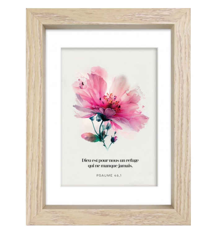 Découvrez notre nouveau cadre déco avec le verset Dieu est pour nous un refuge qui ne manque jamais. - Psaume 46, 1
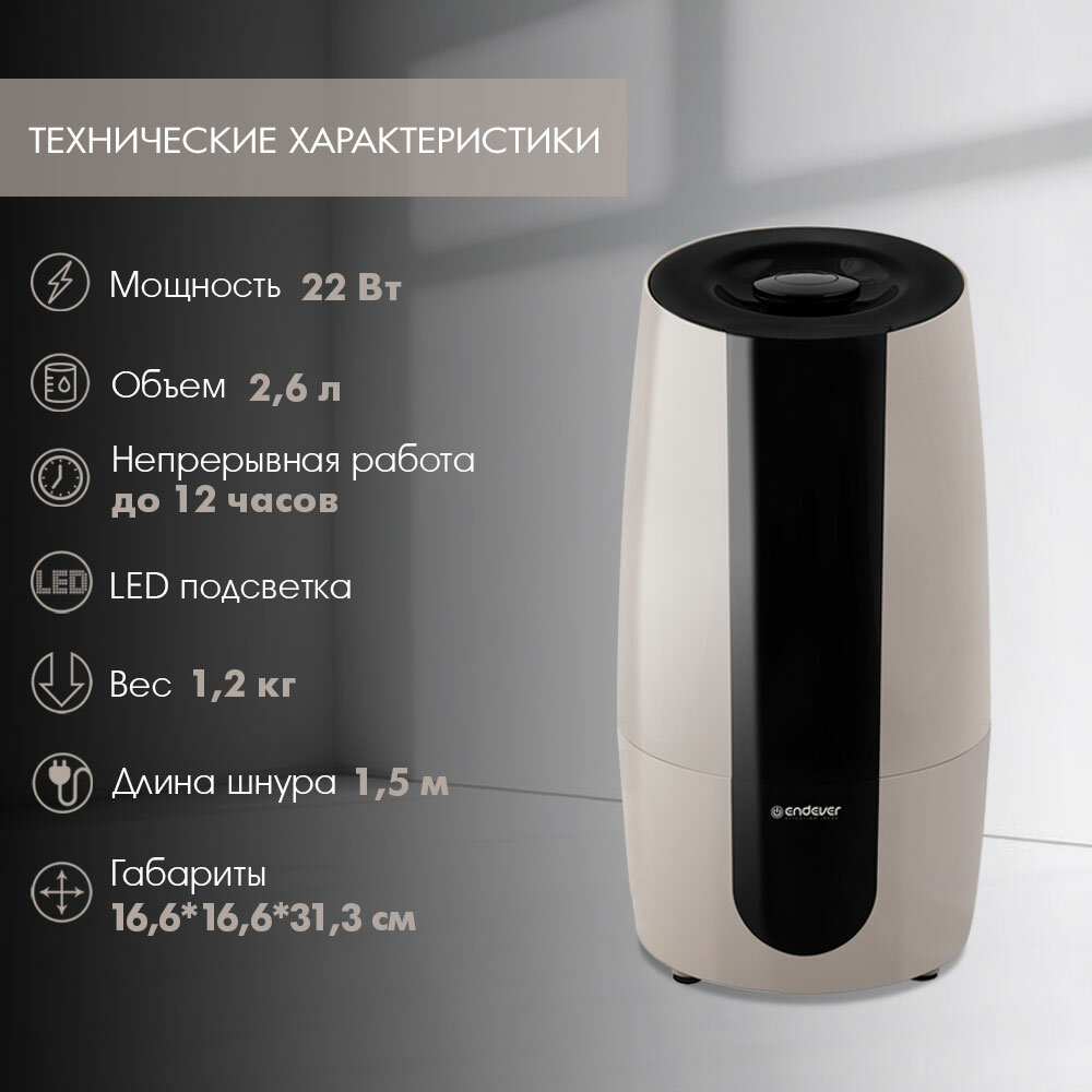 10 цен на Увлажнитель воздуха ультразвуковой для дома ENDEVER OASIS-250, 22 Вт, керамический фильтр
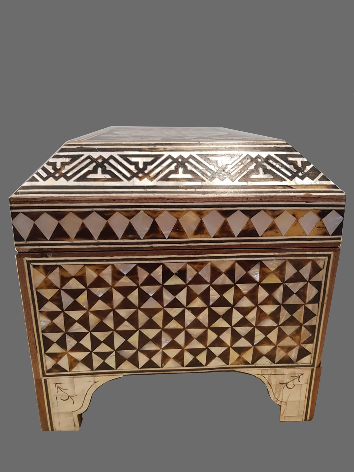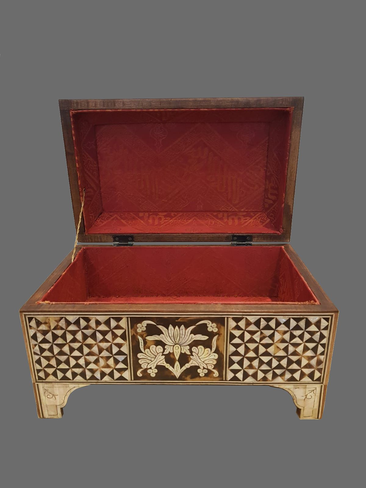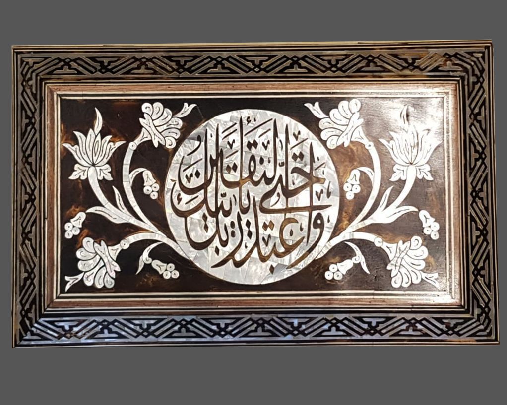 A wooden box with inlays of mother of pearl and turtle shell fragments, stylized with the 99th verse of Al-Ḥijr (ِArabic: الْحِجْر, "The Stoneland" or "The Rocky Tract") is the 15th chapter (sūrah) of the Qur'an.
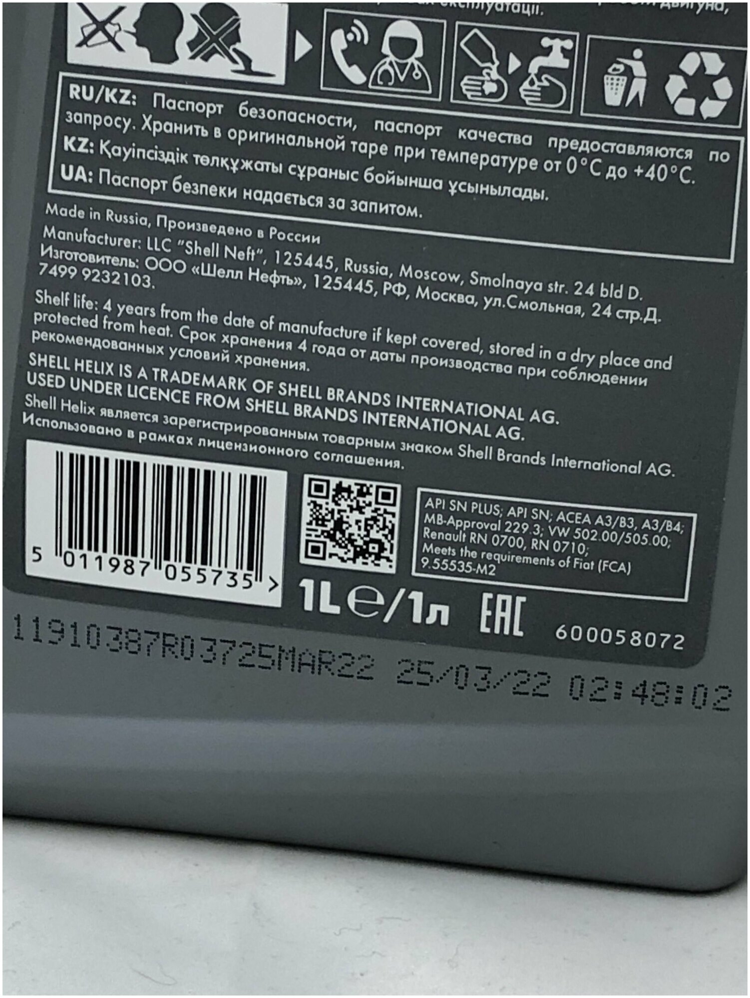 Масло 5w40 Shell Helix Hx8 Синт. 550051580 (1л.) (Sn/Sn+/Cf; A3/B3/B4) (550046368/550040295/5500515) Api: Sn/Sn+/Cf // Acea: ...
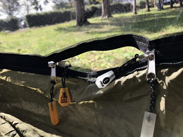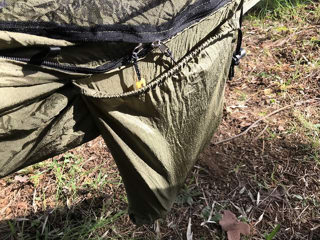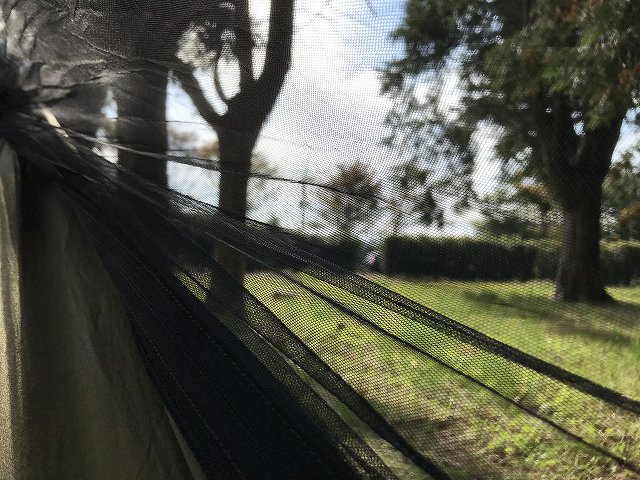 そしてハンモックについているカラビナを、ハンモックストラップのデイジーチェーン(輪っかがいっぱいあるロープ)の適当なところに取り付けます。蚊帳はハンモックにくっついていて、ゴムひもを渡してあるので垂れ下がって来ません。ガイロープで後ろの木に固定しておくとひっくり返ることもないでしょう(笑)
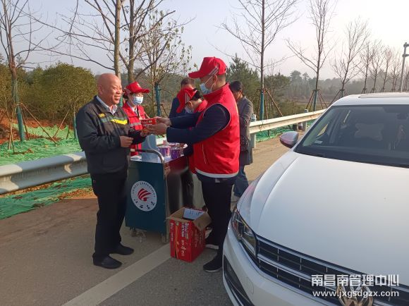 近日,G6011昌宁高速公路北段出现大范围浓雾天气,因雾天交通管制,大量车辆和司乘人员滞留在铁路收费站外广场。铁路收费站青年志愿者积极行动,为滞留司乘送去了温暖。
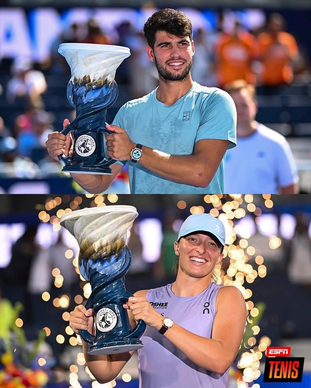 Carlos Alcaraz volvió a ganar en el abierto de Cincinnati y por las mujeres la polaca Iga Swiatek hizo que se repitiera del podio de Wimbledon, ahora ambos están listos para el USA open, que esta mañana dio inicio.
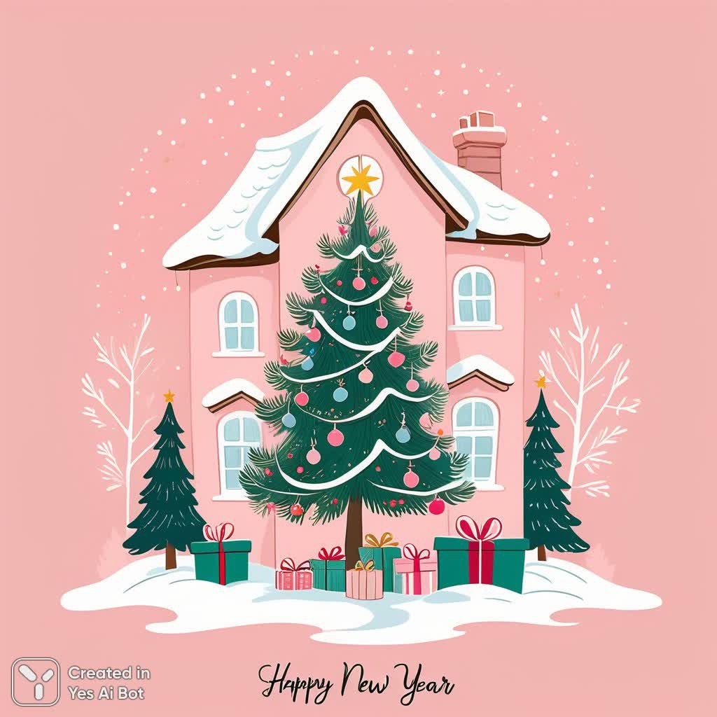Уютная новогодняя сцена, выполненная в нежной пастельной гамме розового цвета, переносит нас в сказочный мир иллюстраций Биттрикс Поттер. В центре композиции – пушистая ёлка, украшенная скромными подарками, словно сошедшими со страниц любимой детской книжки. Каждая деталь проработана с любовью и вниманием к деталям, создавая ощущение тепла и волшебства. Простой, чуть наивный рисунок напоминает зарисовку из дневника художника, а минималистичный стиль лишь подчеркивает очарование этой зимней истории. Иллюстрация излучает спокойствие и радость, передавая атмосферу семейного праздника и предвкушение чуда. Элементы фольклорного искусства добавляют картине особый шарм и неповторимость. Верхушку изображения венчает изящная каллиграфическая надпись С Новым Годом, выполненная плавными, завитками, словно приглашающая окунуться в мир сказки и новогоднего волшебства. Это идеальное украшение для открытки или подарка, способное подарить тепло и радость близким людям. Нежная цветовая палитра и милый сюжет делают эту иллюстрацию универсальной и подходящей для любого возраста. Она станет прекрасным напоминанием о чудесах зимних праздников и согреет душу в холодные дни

# # # # #

THE TASK: Every entry above, pictures excluded, needs to be duplicated exactly.

RESPONSE:
 Découvrez notre nouveau cadre déco avec le verset Dieu est pour nous un refuge qui ne manque jamais. - Psaume 46, 1
 10 цен на Увлажнитель воздуха ультразвуковой для дома ENDEVER OASIS-250, 22 Вт, керамический фильтр
 A wooden box with inlays of mother of pearl and turtle shell fragments, stylized with the 99th verse of Al-Ḥijr (ِArabic: الْحِجْر, "The Stoneland" or "The Rocky Tract") is the 15th chapter (sūrah) of the Qur'an.
 Масло 5w40 Shell Helix Hx8 Синт. 550051580 (1л.) (Sn/Sn+/Cf; A3/B3/B4) (550046368/550040295/5500515) Api: Sn/Sn+/Cf // Acea: ...
 そしてハンモックについているカラビナを、ハンモックストラップのデイジーチェーン(輪っかがいっぱいあるロープ)の適当なところに取り付けます。蚊帳はハンモックにくっついていて、ゴムひもを渡してあるので垂れ下がって来ません。ガイロープで後ろの木に固定しておくとひっくり返ることもないでしょう(笑)
 近日,G6011昌宁高速公路北段出现大范围浓雾天气,因雾天交通管制,大量车辆和司乘人员滞留在铁路收费站外广场。铁路收费站青年志愿者积极行动,为滞留司乘送去了温暖。
 Carlos Alcaraz volvió a ganar en el abierto de Cincinnati y por las mujeres la polaca Iga Swiatek hizo que se repitiera del podio de Wimbledon, ahora ambos están listos para el USA open, que esta mañana dio inicio.
Уютная новогодняя сцена, выполненная в нежной пастельной гамме розового цвета, переносит нас в сказочный мир иллюстраций Биттрикс Поттер. В центре композиции – пушистая ёлка, украшенная скромными подарками, словно сошедшими со страниц любимой детской книжки. Каждая деталь проработана с любовью и вниманием к деталям, создавая ощущение тепла и волшебства. Простой, чуть наивный рисунок напоминает зарисовку из дневника художника, а минималистичный стиль лишь подчеркивает очарование этой зимней истории. Иллюстрация излучает спокойствие и радость, передавая атмосферу семейного праздника и предвкушение чуда. Элементы фольклорного искусства добавляют картине особый шарм и неповторимость. Верхушку изображения венчает изящная каллиграфическая надпись С Новым Годом, выполненная плавными, завитками, словно приглашающая окунуться в мир сказки и новогоднего волшебства. Это идеальное украшение для открытки или подарка, способное подарить тепло и радость близким людям. Нежная цветовая палитра и милый сюжет делают эту иллюстрацию универсальной и подходящей для любого возраста. Она станет прекрасным напоминанием о чудесах зимних праздников и согреет душу в холодные дни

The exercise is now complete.